Başımı çevirip etrafımı gözlemledim. Daha önce hiç görmediğim bir odadaydım ve etrafta kimse yoktu. Kendimi kurtarmaya çalıştım ama ipler bileklerimin etrafında giderek daha da sıkılaştı. Ağladım ve kükredim, yakındaki herhangi birine bir tehlike sinyali göndermeyi umdum.
"Çeneni kapa!" Dışarıdaki bir adam kapıyı çarpıp bana bağırdı.
"Ne yazık. O kız çok çekici görünüyordu!"
Kapının ötesinden başka bir adamın sesi duyuldu. Ne konuştuklarını duymaya çalışarak boynumu daha da yukarı kaldırdım.
"Yazık mı? O da tıpkı diğer baştan çıkarıcılar gibi görünüyor, er ya da geç birçok erkek tarafından oynanacak."
"Prens Rufus'a gönderilmemiş olsaydı, ona bir şans verebilirdik. Sadece vücudunu düşünmek bile beni tahrik ediyor!"
Benim hakkımda konuştukları şeylerden tiksinerek kaşlarımı çattım.
"Böyle iyi bir şeye sahip olma şansımız yok." İçlerinden biri övündü. "Eh, o bizim yeni Alfa'mızdan bir hediye ve çoktan Prens Rufus'un yatağına gönderildi.
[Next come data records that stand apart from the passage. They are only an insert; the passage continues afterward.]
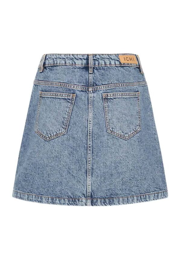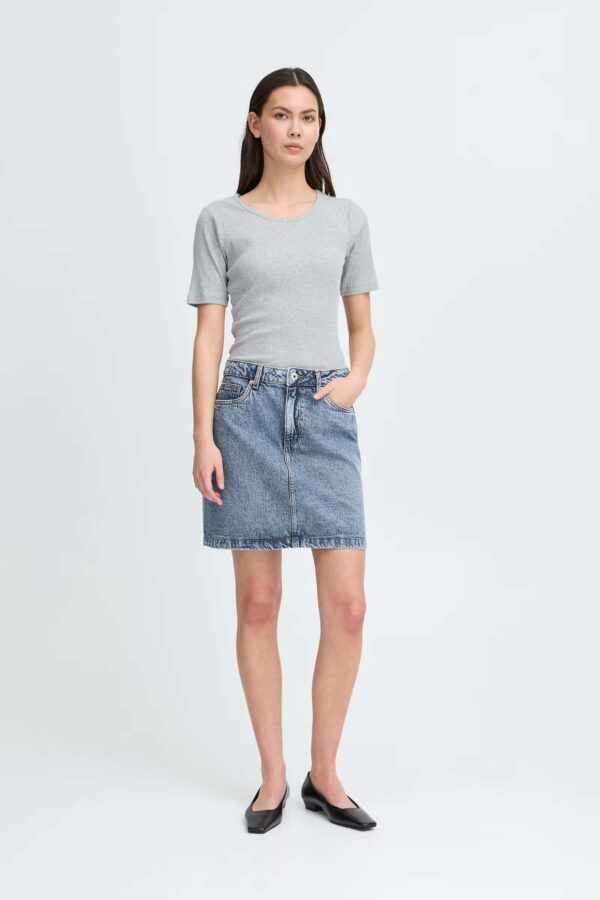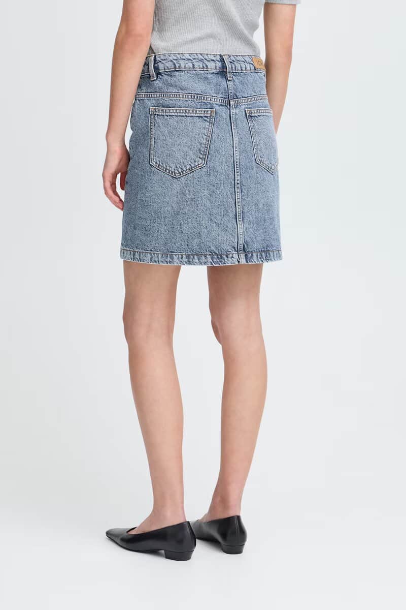 The perfect little denim skirt for summer day time style. Light acid wash blue denim.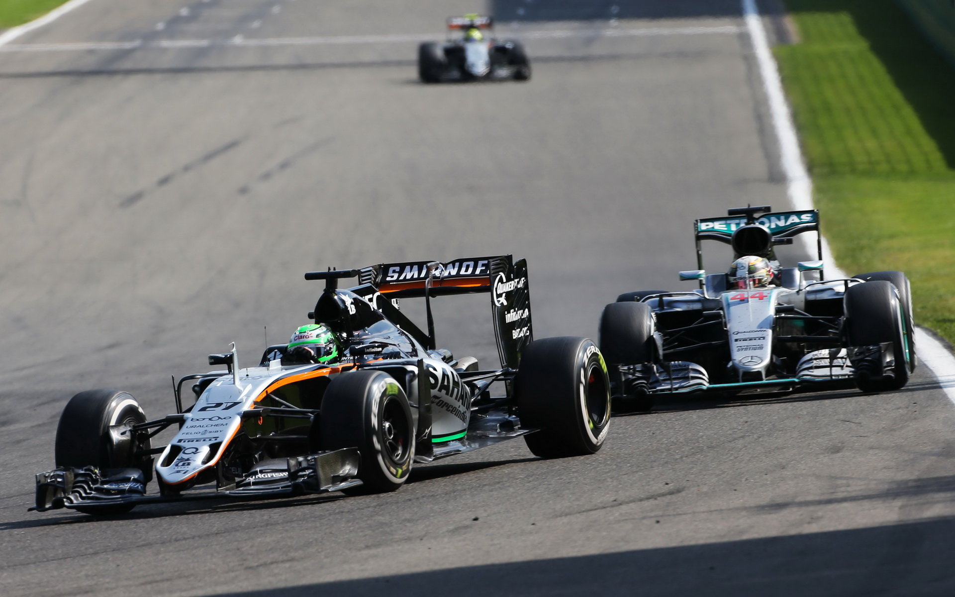 Nico Hülkenberg a Lewis Hamilton v závodě v Belgii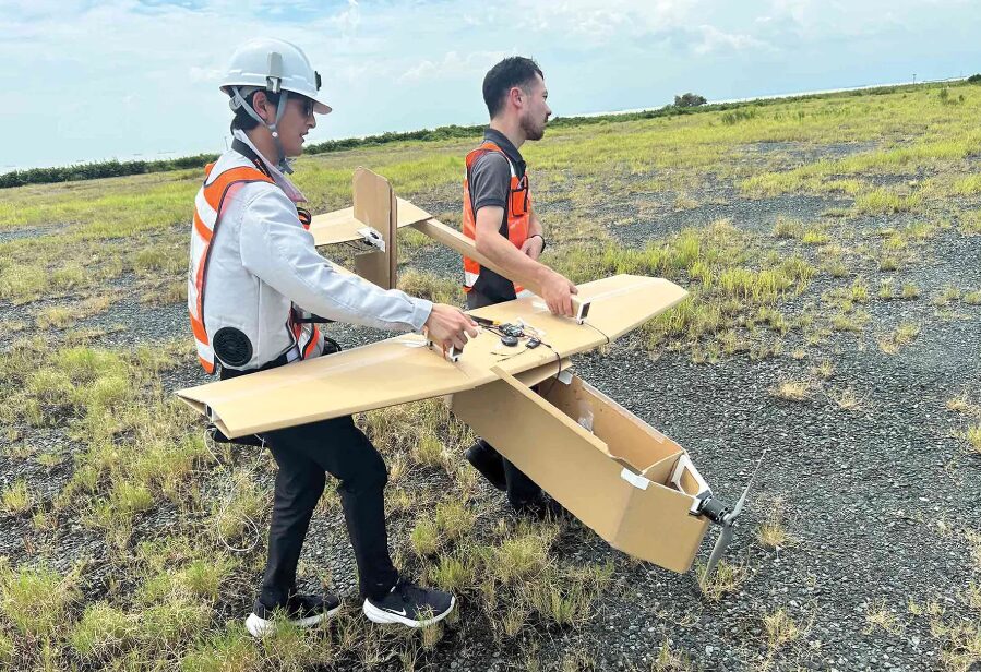 愛知県名古屋市の近郊。バイク用ヘルメットをかぶった山口拓海氏は、手にした横幅約1.8メートルの飛行機型段ボール製ドローンを勢いをつけて空中に投じた。ドローンは直後に落下した。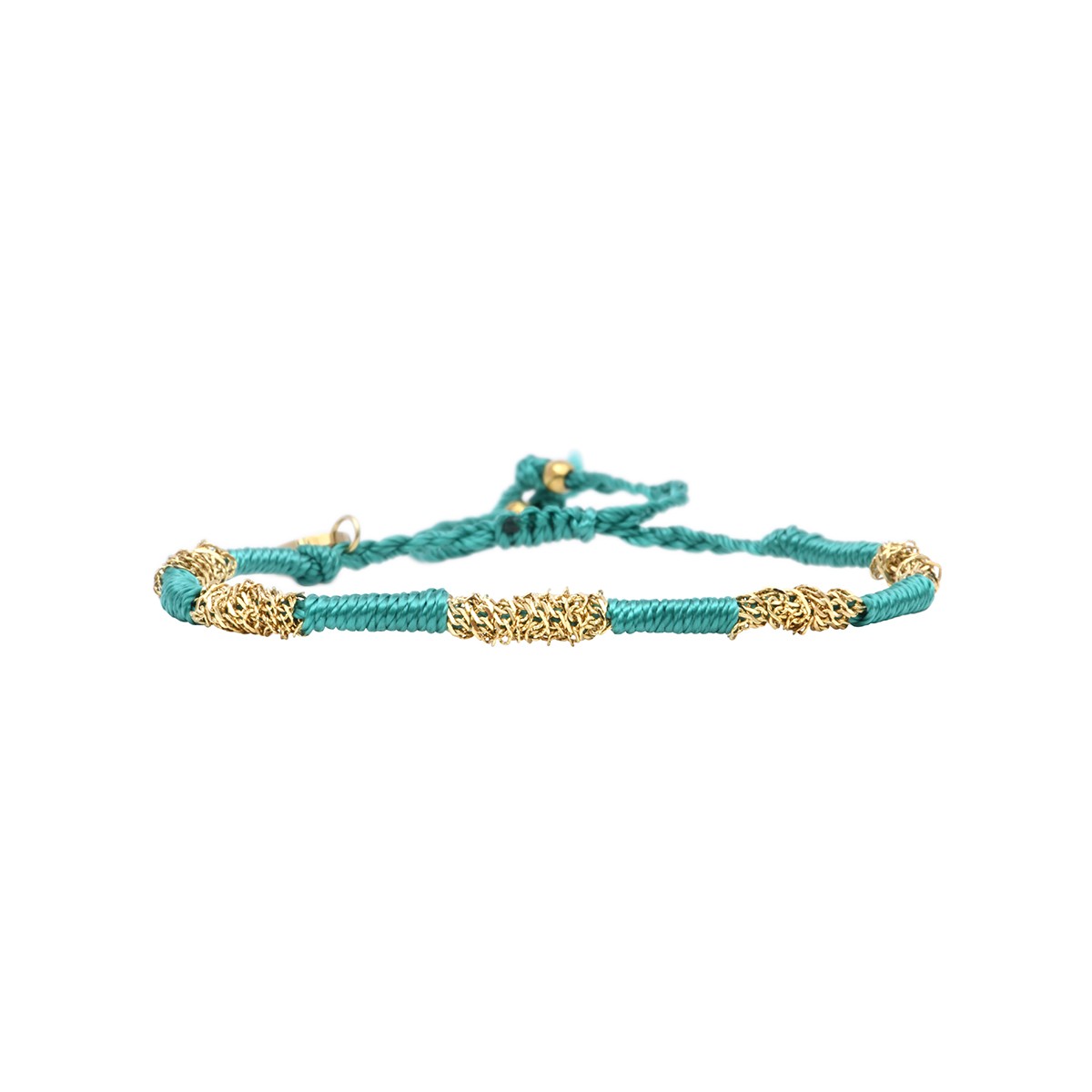 Le bracelet Hanaya, entièrement tréssé à la main, est composé de fil de soie mystique lagon et de torsades de chaînes en acier inoxydable.

Prensin gaddar olduğunu duydum. O kız muhtemelen bu geceyi bile atlatamayacak."
İki adamın Shawn'ın muhafızları olduğunu fark ettim. Shawn, onu eşim olarak reddettiğim için benden intikam alıyor gibiydi! Elbette, kesinlikle iğrenç davranacaktı! İnledim, ancak ses sadece boğuktu. Kendimi tekrar iplerden kurtarmaya çalıştım, ancak sürtünme sadece bileklerimdeki deriyi yakmakla sonuçlandı.
Bu sırada dışarıdan gelen üçüncü bir ses duydum. Derin ve bir şekilde manyetikti. "Gidebilirsin. Etrafta herhangi bir gardiyana ihtiyacım yok."
"Evet, Prens Rufus."
Oydu! Prens Rufus! Göz bebeklerim küçüldü ve panik içinde odanın etrafına baktım, kaçmanın bir yolunu bulmaya çalışıyordum. Ama hareket bile edemiyorken nasıl kaçabilirdim ki? Başka seçeneğim kalmamıştı.